Here “$\impliesover{(E3)}$” indicates that we have just used (E3). We now have $(x,y)=\pm (1,1)\text{,}$ from $\la=\frac{1}{2}\text{,}$ and $(x,y)=\pm\left(\frac{1}{\sqrt{2}},-\frac{1}{\sqrt{2}}\right)$ from $\la=\frac{1}{4}\text{.}$ The distance from $(0,0)$ to $\pm (1,1)\text{,}$ namely $\sqrt{2}\text{,}$ is larger than the distance from $(0,0)$ to $\pm\big(\frac{1}{\sqrt{2}},-\frac{1}{\sqrt{2}}\big)\text{,}$ namely $1\text{.}$ So the ends of the minor axes are $\pm\big(\frac{1}{\sqrt{2}},-\frac{1}{\sqrt{2}}\big)$ and the ends of the major axes are $\pm(1,1)\text{.}$ Those ends are sketched in the figure on the left below.

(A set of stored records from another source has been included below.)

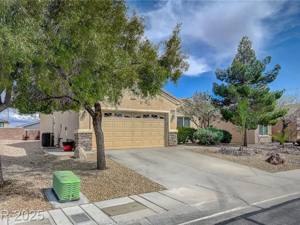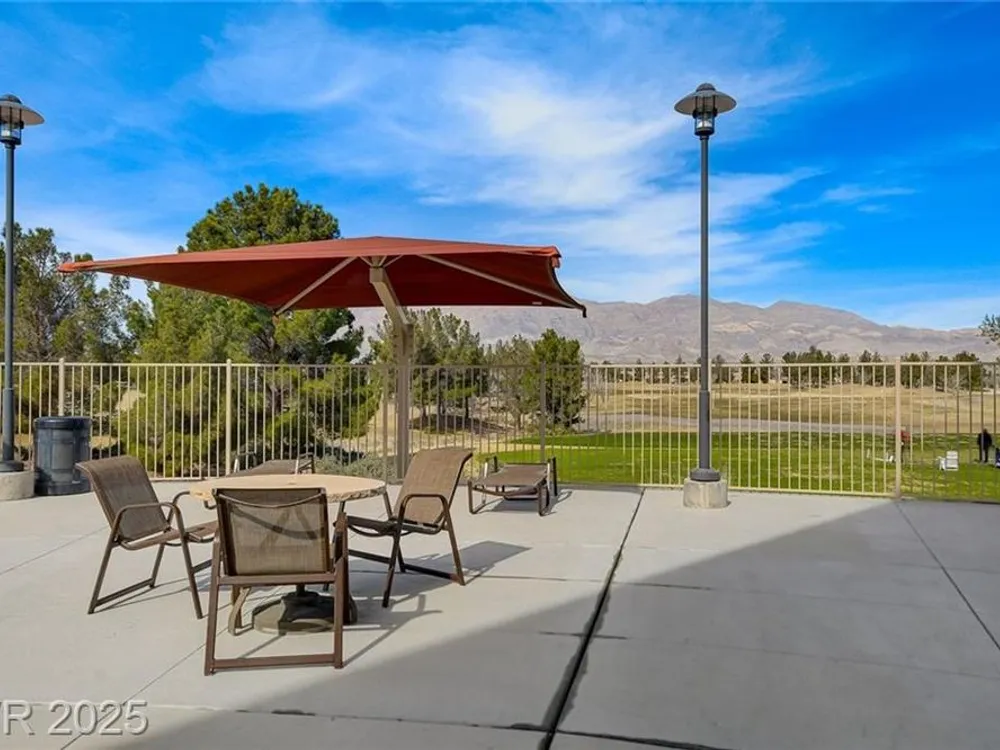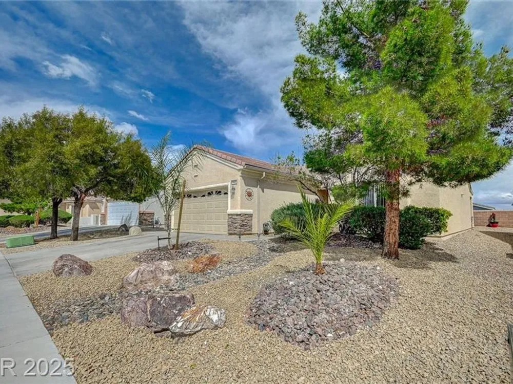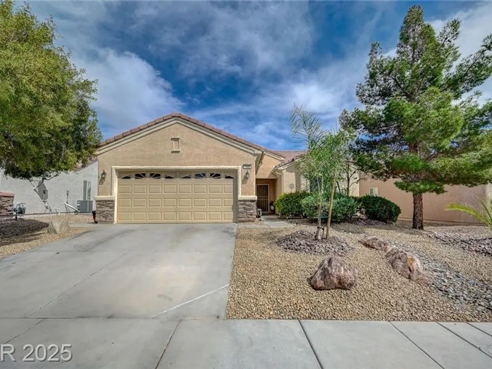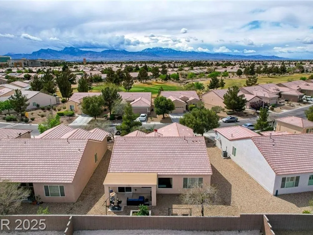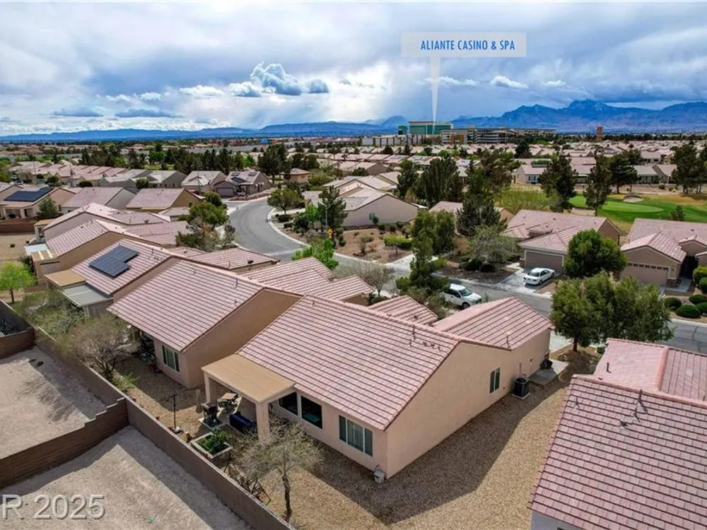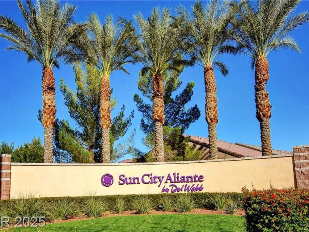 Discover this stunning single story home in the highly desirable age restricted Sun City Aliante community! Featuring 2 beds + den, 2 baths, and breathtaking mountain views, this home offers an open-concept design with a spacious kitchen, large breakfast bar, granite countertops, 2 pantries, and all included stainless steel appliances. The primary suite boasts a huge walk-in closet and a cozy gas fireplace. Enjoy luxury vinyl plank & tile flooring throughout, upgraded light fixtures, and a den that can serve as a third bedroom. The backyard oasis includes a covered patio with a Charbroil Gas BBQ with an option to fully fence and a garden area. The finished 2 car garage features epoxy floors, a large workshop, ample storage, 30-amp outlet, full water treatment/filtration system and water softener. Sun City Aliante offers top tier resort-style amenities: golf, indoor and outdoor pools/spas, tennis, pickleball, basketball courts, clubhouse, fitness center, and more! Don’t miss this one!
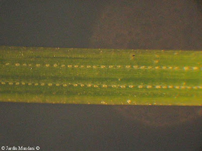Borde finamente dentado de una acícula de pino canario vista al microscopio a 40 aumentos. Llaman la atención las cuatro hileras de puntitos formados por pequeños estomas, que se abren o cierran según el grado de humedad ambiental.
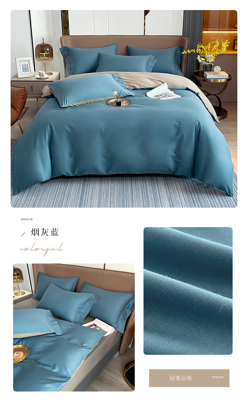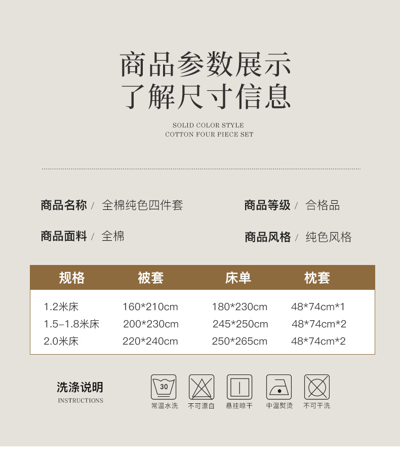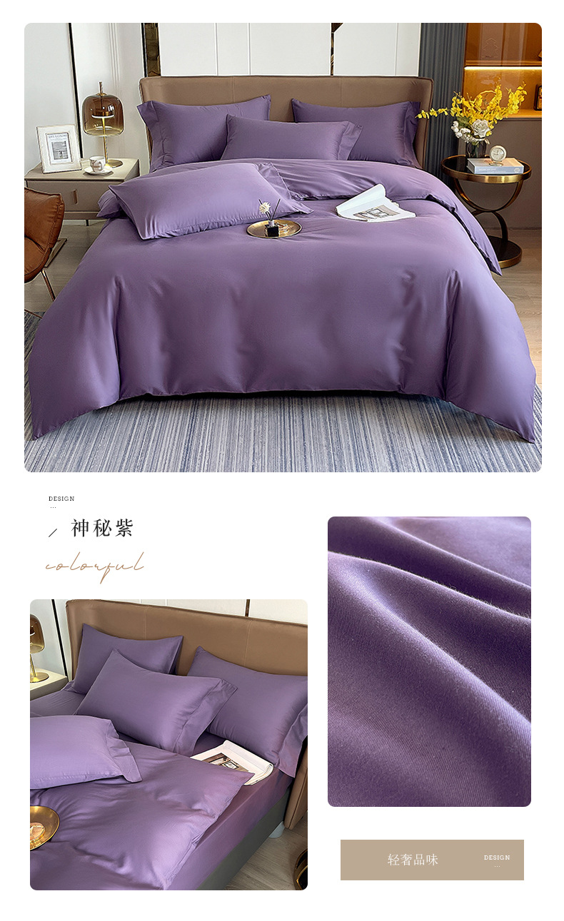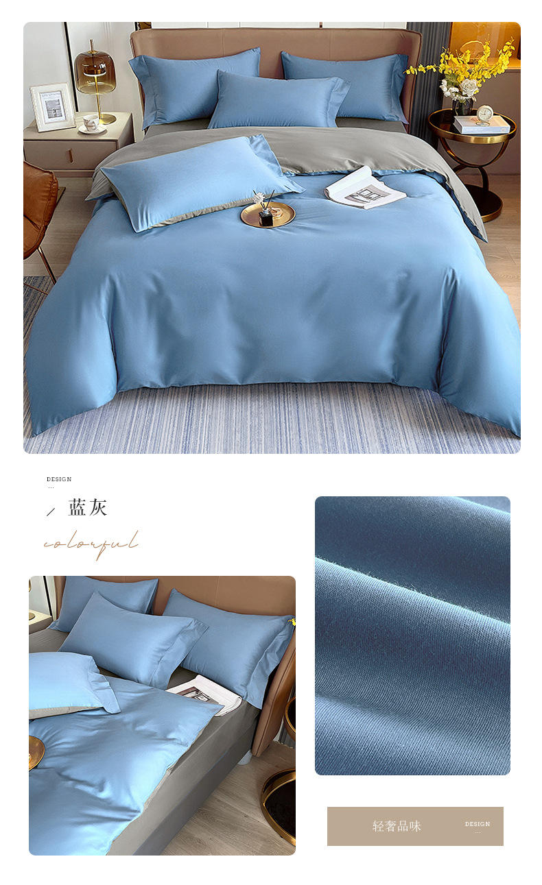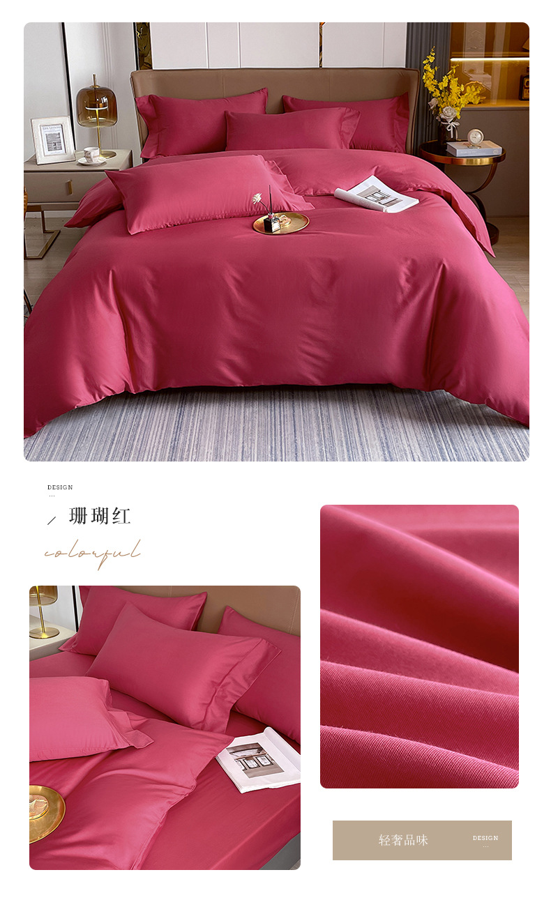 家居家纺 秋冬全棉贡缎四件套 纯色床单被套纯棉床上用品4件套 333元/2套起

Once we have the ends, it is an easy matter

⁵

if you tilt your head so that the line through $(1,1)$ and $(-1,-1)$ appears horizontal

to sketch the ellipse as in the figure on the right below.

Example 2.10.6.

Find the values of $w\ge0$ and $\ka\ge0$ that maximize the utility function

\begin{equation*} U(w,\ka) =6 w^{\frac{2}{3}}\ka^{\frac{1}{3}} \qquad\text{subject to the constraint}\qquad 4w+2\ka=12 \end{equation*}

Solution.

The constraint $4w+2\ka=12$ is simple enough that we can easily use it to express $\ka$ in terms of $w\text{,}$ then substitute $\ka=6-2w$ into $U(w,\ka)\text{,}$ and then maximize $U(w,6-2w) = 6 w^{\frac{2}{3}}(6-2w)^{\frac{1}{3}}$ using the techniques of §3.5 in the CLP-1 textbook.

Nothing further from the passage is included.